A 52-year-old man with diabetes mellitus presents for evaluation of an asymptomatic rash on his right leg. It is our hope that this article will help prepare you to deal with the pediatric diabetic patient in a knowledgeable and professional manner, and that this preparation will reduce the adrenaline level for prehospital responders.
You and your partner are dispatched for a 10-year-old diabetic patient who became unresponsive at school. It is important to understand the basic pathophysiology of juvenile diabetes in order to comprehend how and why its symptoms occur. The incidence of diabetes in children increases with age until mid puberty and then declines, but type 1 diabetes can occur at any age. The acute complications of type 1 diabetes are emergency conditions that can lead to life-threatening situations for the patient.


Diabetic ketoacidosis—Development of diabetic ketoacidosis, while less common than hypoglycemia, is more likely in the patient with type 1 diabetes. You may have a known diabetic child who becomes hypoglycemic and demonstrates a rapid onset of symptoms, or you may find a child not yet diagnosed with diabetes who slowly develops the symptoms associated with hyperglycemia. Diabetes is a chronic metabolic disorder caused by an absolute or relative deficiency of insulin. The two primary complications that can affect the diabetic patient are hypoglycemia and hyperglycemia, which may lead to diabetic ketoacidosis. The key to providing appropriate evaluation and management of the child with a diabetic emergency is to become familiar with the possible presentations you’re likely to encounter. An absence, destruction or other loss of these cells results in type 1 diabetes, also known as insulin-dependent diabetes mellitus.

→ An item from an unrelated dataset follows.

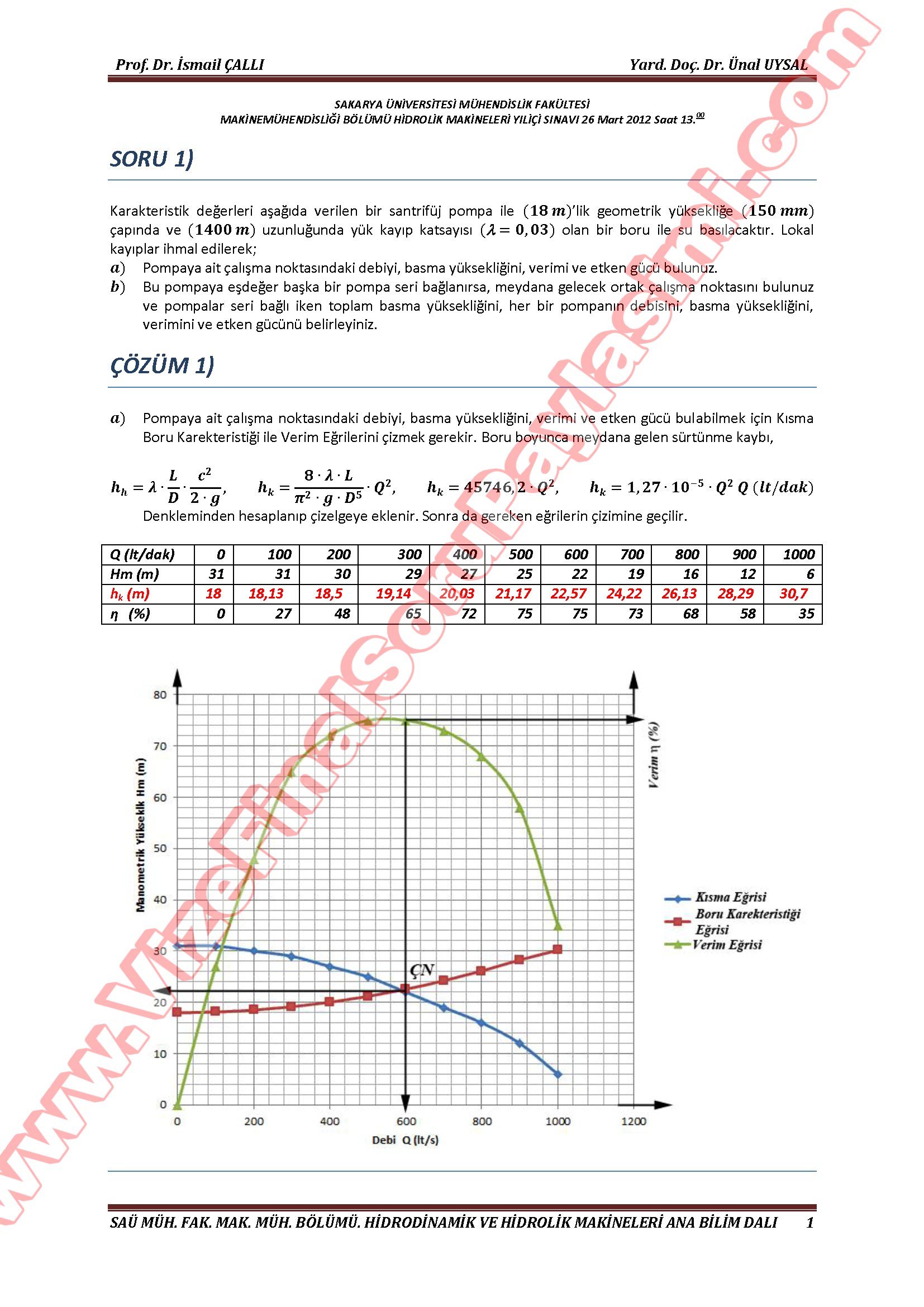 Vize ve Final Soruları / Sakarya Üniversitesi / Hidrolik Makinaları Dersi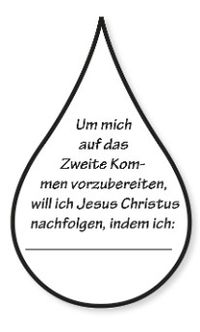 Regen Sie zur Anwendung an: Zeichnen Sie eine Lampe an die Tafel. Sprechen Sie darüber, dass wir sozusagen Öl in unsere Lampe gießen, wenn wir Jesus Christus nachfolgen, indem wir jeden Tag Gutes tun. Die Kinder sollen aufzählen, wie sie Jesus Christus nachfolgen können; zum Beispiel: indem sie anderen dienen, den Zehnten zahlen und beten. Erklären Sie, dass dies jeder selbst tun muss; das kann niemand sonst für uns tun. Geben Sie jedem Kind ein Stück Papier in der Form eines großen Tropfens Öl. Bitten Sie sie (oder ihren Lehrer), auf das Papier zu schreiben: „Um mich auf das Zweite Kommen vorzubereiten, will ich Jesus Christus nachfolgen, indem ich .“ Bitten Sie die Kinder, den Satz zu vervollständigen oder auf den Tropfen zu malen, was sie tun können, um sich auf das Zweite Kommen vorzubereiten. Fordern Sie die Kinder auf, ihren Papiertropfen mit nach Hause zu nehmen und ihrer Familie zu erzählen, was sie gelernt haben.

Remember that in all cases, a complete set of vital signs should be obtained and recorded on the patient run sheet.Hypoglycemia—The development of hypoglycemia in children with diabetes is the more common complication and is sometimes referred to as an insulin reaction. Most children with diabetes have type 1 diabetes and will have a lifetime dependence on exogenous insulin.Insulin is essential for the body to process carbohydrates (sugars), but is also needed for the body to deal effectively with fat and protein metabolism. The cause of hypoglycemia in the diabetic child is that the child has either been given too much insulin or has not taken in an adequate amount of glucose to balance the insulin dose. If left untreated, the child wastes away and develops diabetic ketoacidosis (DKA), which may be fatal.